When you transcribe the data below, reproduce every line exactly and leave each picture out.

### [COLLECTED MATERIAL]
☆ ☆ ☆ ☆ ☆

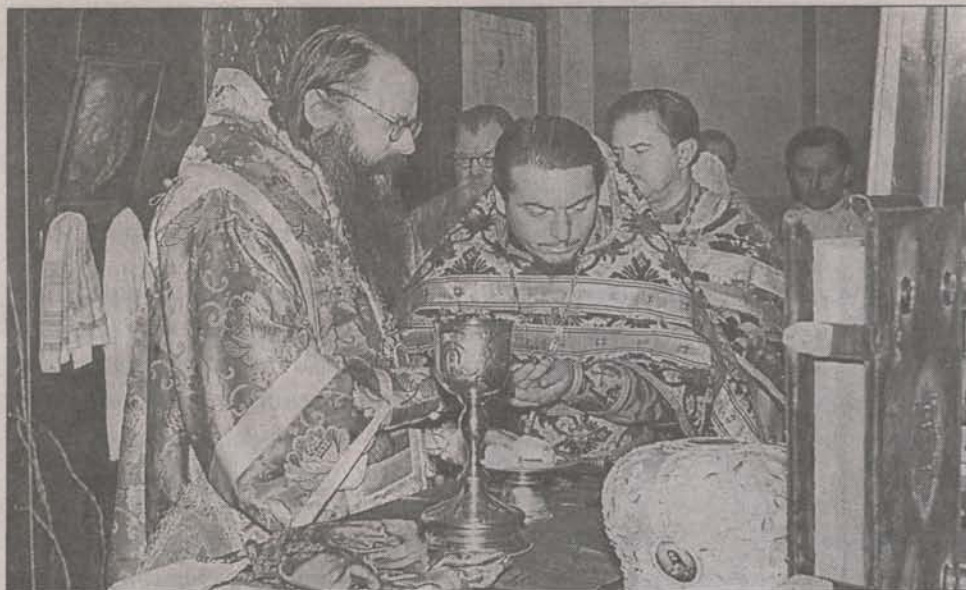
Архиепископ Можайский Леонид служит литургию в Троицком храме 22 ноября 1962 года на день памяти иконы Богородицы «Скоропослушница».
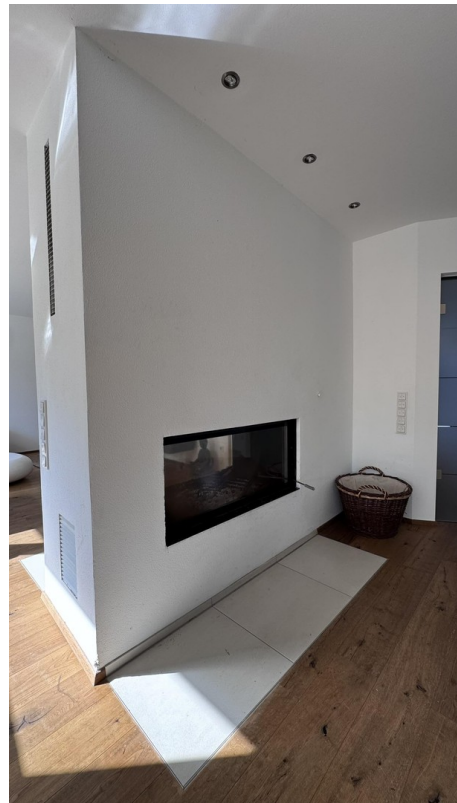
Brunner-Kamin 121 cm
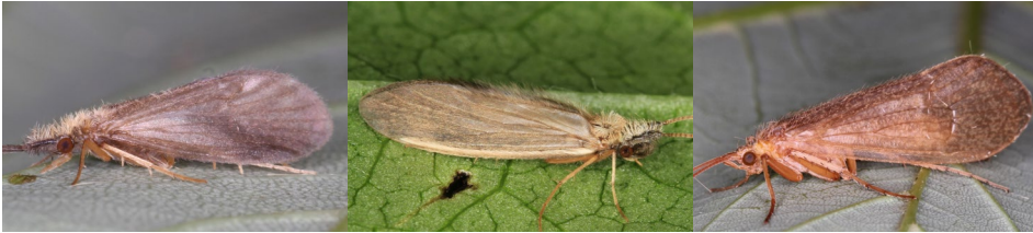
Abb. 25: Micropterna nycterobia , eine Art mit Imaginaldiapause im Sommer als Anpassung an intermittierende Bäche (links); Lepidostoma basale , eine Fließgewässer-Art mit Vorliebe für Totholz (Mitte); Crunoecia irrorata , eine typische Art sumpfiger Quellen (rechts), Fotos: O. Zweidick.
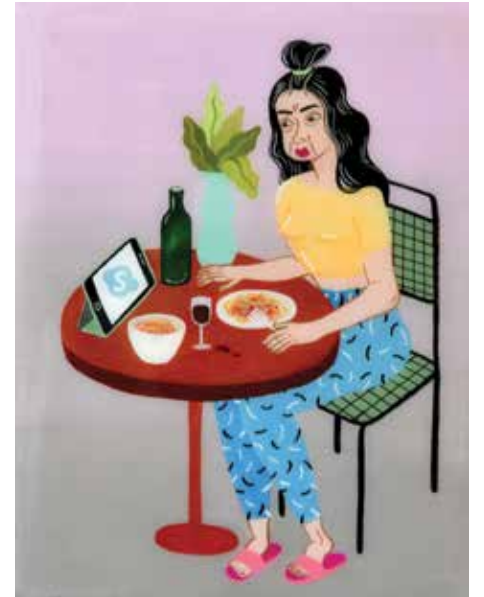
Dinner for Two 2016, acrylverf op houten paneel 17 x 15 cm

☆ ☆ ☆ ☆ ☆

### [EXPECTED OUTPUT]
Архиепископ Можайский Леонид служит литургию в Троицком храме 22 ноября 1962 года на день памяти иконы Богородицы «Скоропослушница».
Brunner-Kamin 121 cm
Abb. 25: Micropterna nycterobia , eine Art mit Imaginaldiapause im Sommer als Anpassung an intermittierende Bäche (links); Lepidostoma basale , eine Fließgewässer-Art mit Vorliebe für Totholz (Mitte); Crunoecia irrorata , eine typische Art sumpfiger Quellen (rechts), Fotos: O. Zweidick.
Dinner for Two 2016, acrylverf op houten paneel 17 x 15 cm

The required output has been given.